It doesn’t say much for the entrepreneurial spirit, when the government needs to tell corporations to stop sitting on their hands and do something.
At a time when the idea of stimulating a stagnant economy continues to drift into conversations, federal Finance Minister Jim Flaherty has suggested private business is in a prime position to help.
Last week, Bank of Canada governor Mark Carney said Canadian companies are holding on to piles of cash because of global economic instability. He suggested putting some of that money into their shareholders’ pockets would boost economic activity.
Flaherty borrowed from that sentiment Monday saying Canadian corporations should invest $525 billion in dead cash back into the economy. He added that the federal government has been performing its role by introducing tax measures designed to encourage business expansion and investment.
That’s a lot of money gathering dust – or at least earning very little for the corporations considering today’s ultra-low yields on investment. It sounds astronomical, but the figure comes from a previously released Canadian Labour Congress study that suggests Canadian businesses are sitting on some $500 billion in cash assets.
Compare that to the announcement early in 2009 that the federal government would sink $35 billion in borrowed money over two years in an attempt to stimulate the economy.

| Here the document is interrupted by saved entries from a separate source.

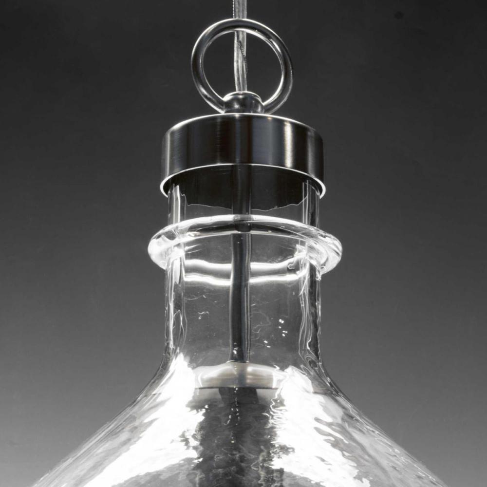 Inspired by a beautiful wine cask design;Zin pendants are artfully formed from one large piece of glass;Brushed Nickel finish with textured clear glass;Pendant uses one 100W max. medium base lamp (sold separately);Create a customized look for Rustic Farmho
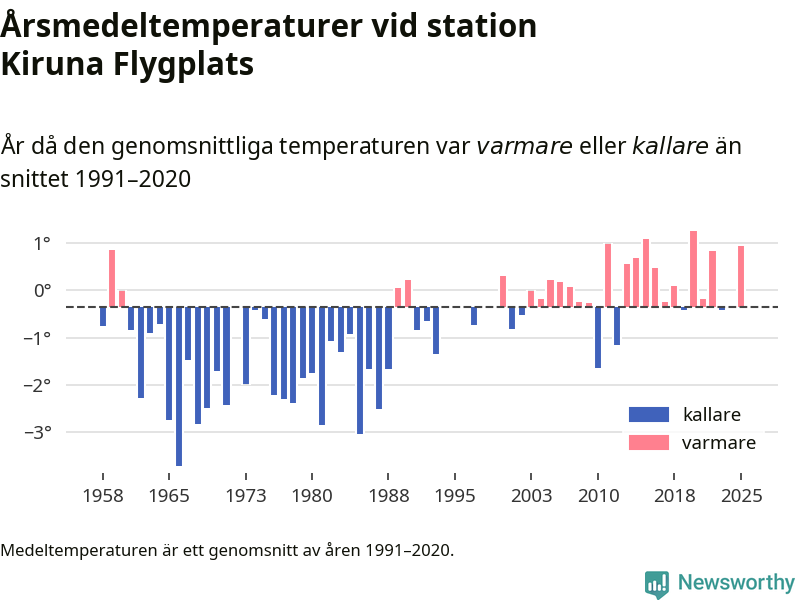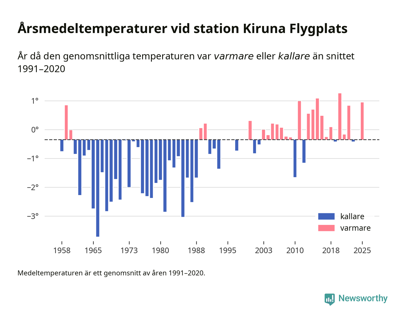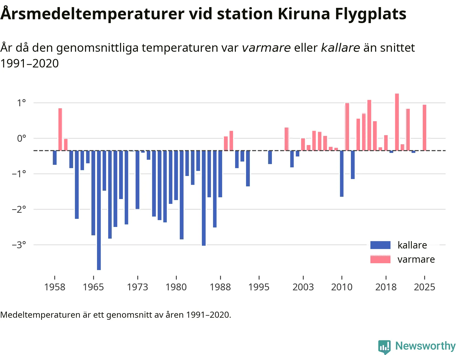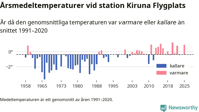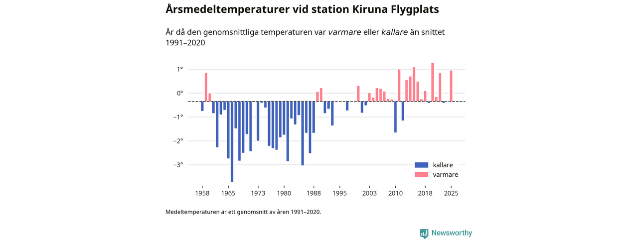 Årsmedeltemperaturen vid Kiruna Flygplats utanför centrala Kiruna1 var under 2025 0,9 grader, 1,3 grader högre än genomsnittet de senaste decennierna. Det visar Newsworthys beräkningar, som bygger på delvis preliminär observationsdata från SMHI.
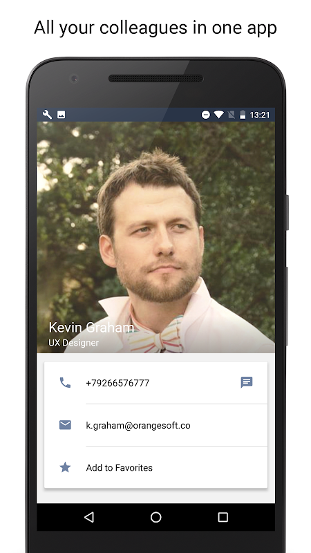 Contacter — private contact book of your company. Up-to-date staff contacts are just a touch away. Phone numbers, names, positions, emails — everything you need is now in your pocket.
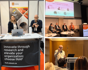 C’est sous la coordination d’Éliane Picard-Deland, coordonnatrice aux affaires internationales, que l’INAF a piloté une délégation composée de 13 personnes – industriels, partenaires (CRIBIQ, Créneau Agro Boréal, CIDAL, etc.) et membres de la direction et de chercheurs de l’INAF (Université Laval et INRS) pour assister à cette grande rencontre européenne sur l’innovation dans les domaines de l’alimentation humaine et animale, de la nutrition et de la santé. Nos collègues Yves Desjardins et Monique Lacroix ont figuré parmi les conférencières et conférenciers de l’événement, non sans fierté et sans rappeler l’expertise de niveau mondial de nos membres chercheurs. L’INAF a aussi profité de l’installation d’un kiosque pour promouvoir l’expertise de ses scientifiques, ses services ainsi que son événement phare BÉNÉFIQ2023. Cette présence aura permis aux membres de l’équipe de direction représentés par Renée Michaud, Laurélie Trudel et Éliane Picard-Deland de réseauter avec de nombreuses entreprises bioalimentaires européennes qui ont manifesté leurs intérêts pour initier des collaborations et participer à BÉNÉFIQ2023.

That money, much of it spent on public projects, was intended to keep more Canadians working as economic doldrums loomed.
The difference when that kind of capital is in the hands of private companies is that they’re the ones that supposedly know how to turn over a dollar. Think of what could be achieved in research, design and developing new products, in expanding manufacturing and trade – if some of that money were invested.
Economic jitters is largely an emotional phenomenon. There is admittedly some risk involved in investing in new ventures, but there’s also potential for some huge gains.